🤖 AI Summary
This work addresses the challenges of edge-based large language model (LLM) inference, which is constrained by power and area limitations, as well as the significant overhead of dequantization and nonlinear operations in quantized inference. To overcome these issues, the authors propose a look-up table (LUT)-based in-memory computing accelerator leveraging monolithic 3D DRAM. The vertical architecture enables highly parallel and low-overhead in-memory LUT lookups, complemented by near-memory LUT generation and a cross-hierarchy scheduling strategy to efficiently support mixed-precision GEMM operations. Evaluated on Qwen3-4B with W4A4 quantization, the system achieves a throughput of 1,264 tokens per second at only 0.16 W, delivering 12.8× higher energy efficiency than CHIME and 1.6× better than FIGLUT, while attaining 2.0× the area efficiency of PIMPAL.
📝 Abstract
Large language models are increasingly deployed on edge devices with tight power and area budgets. While mixed-precision GEMM reduces arithmetic complexity, quantized inference is often dominated by dequantization and nonlinear operators. Lookup Table (LUT)-based method mitigates these costs by precomputing outputs and replacing repeated arithmetic with table lookups, but existing designs incur significant capacity and lookup-latency overheads. This paper presents PALUTE, a LUT-based Processing-In-Memory accelerator built on Monolithic 3D DRAM for efficient edge LLM inference. PALUTE enables in-DRAM LUT queries that exploit the vertical organization of M3D DRAM memory array tiles to achieve high parallelism with low area overhead.
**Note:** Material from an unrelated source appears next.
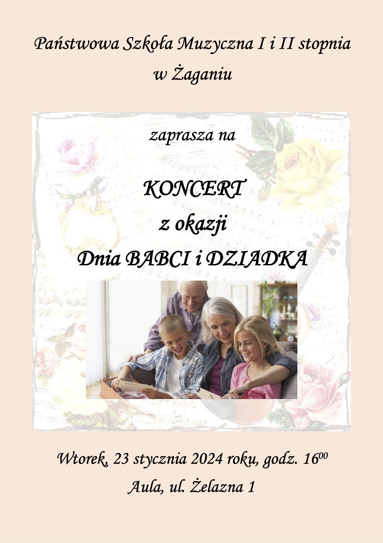 23 stycznia (wtorek) o godz. 16:00 zapraszamy Babcie i Dziadków na Koncert z okazji Dnia Babci i Dziadka. Koncert w wykonaniu naszych uczniów odbędzie sie w Auli szkoły przy ul. Żelaznej 1.

A near-memory LUT generator supports low-latency LUT generation for both GEMM and element-wise unary nonlinear operators, while a system-level tiering and scheduling strategy minimizes data movement across memory tiers. Evaluation using cycle-accurate simulation and RTL synthesis shows that PALUTE achieves 1,264 TPS end-to-end throughput at 0.16 W, improving energy efficiency by 12.8$\times$ over CHIME and 1.6$\times$ over FIGLUT, improving area efficiency by 2.0$\times$ over PIMPAL under W4A4 across Qwen3-4B models.